Likud had reportedly promised Orbach a slot on the party’s list and a cabinet ministry if he would vote to dissolve the Knesset.

Two watchdog groups asked Attorney-General Gali Baharav-Miara on Thursday to examine whether the Likud had made in a legal agreement with rebel Yamina MK Nir Orbach.

A deal with the Likud
Channel 12 reported on Wednesday night that the Likud had promised Orbach a reserved slot on the party’s list and a cabinet ministry in a Likud-led government if he would vote to dissolve the Knesset and bring down Prime Minister Naftali Bennett.

“This is a gross case of trampling the instructions of the law.”
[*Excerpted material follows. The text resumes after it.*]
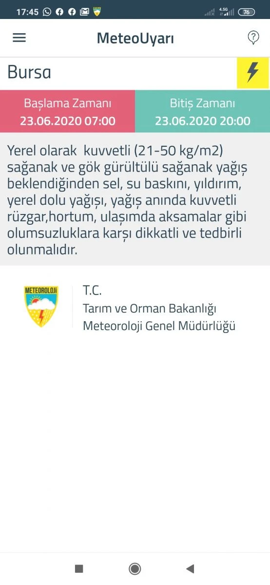 Meteoroloji Genel Müdürlüğünden yapılan açıklamada, "Yerel olarak kuvvetli (21-50 kg/m2) sağanak ve gök gürültülü sağanak yağış beklendiğinden sel, su baskını, yıldırım, yerel dolu yağışı, yağış anında kuvvetli rüzgar, ulaşımda aksamalar gibi olumsuzluklara karşı dikkatli ve tedbirli olunmalıdır" denildi.

The Movement for Quality Governments lawyer
The Movement for Quality Government wrote Baharav-Miara that the law forbids such agreements until 90 days before a declared election. The group wrote the attorney-general that the Likud had committed a crime by reaching agreements with both Orbach and former coalition chairwoman Idit Silman.

A “stinking maneuver?”
“This is a gross case of trampling the instructions of the law,” the movement’s lawyers wrote. “It requires an immediate criminal investigation of everyone involved in the matter.”

The law was changed in 1991, following the infamous “stinking maneuver,” in which then-foreign minister Shimon Peres tried to overthrow then-prime minister Yitzhak Rabin and their national unity government.

The left-wing group Darkenu asked Baharav-Miara to clarify that such agreements are illegal even if made in an unofficial handshake deal and to probe the head of Likud, opposition leader Benjamin Netanyahu.

“Corruption is unacceptable and law enforcement officials must ensure that a man indicted in three cases does not continue to corrupt the public sphere with illegal offers to members of Knesset to defect from the coalition for a future job,” Darkenu director-general Yair Yaya Fink wrote the attorney-general.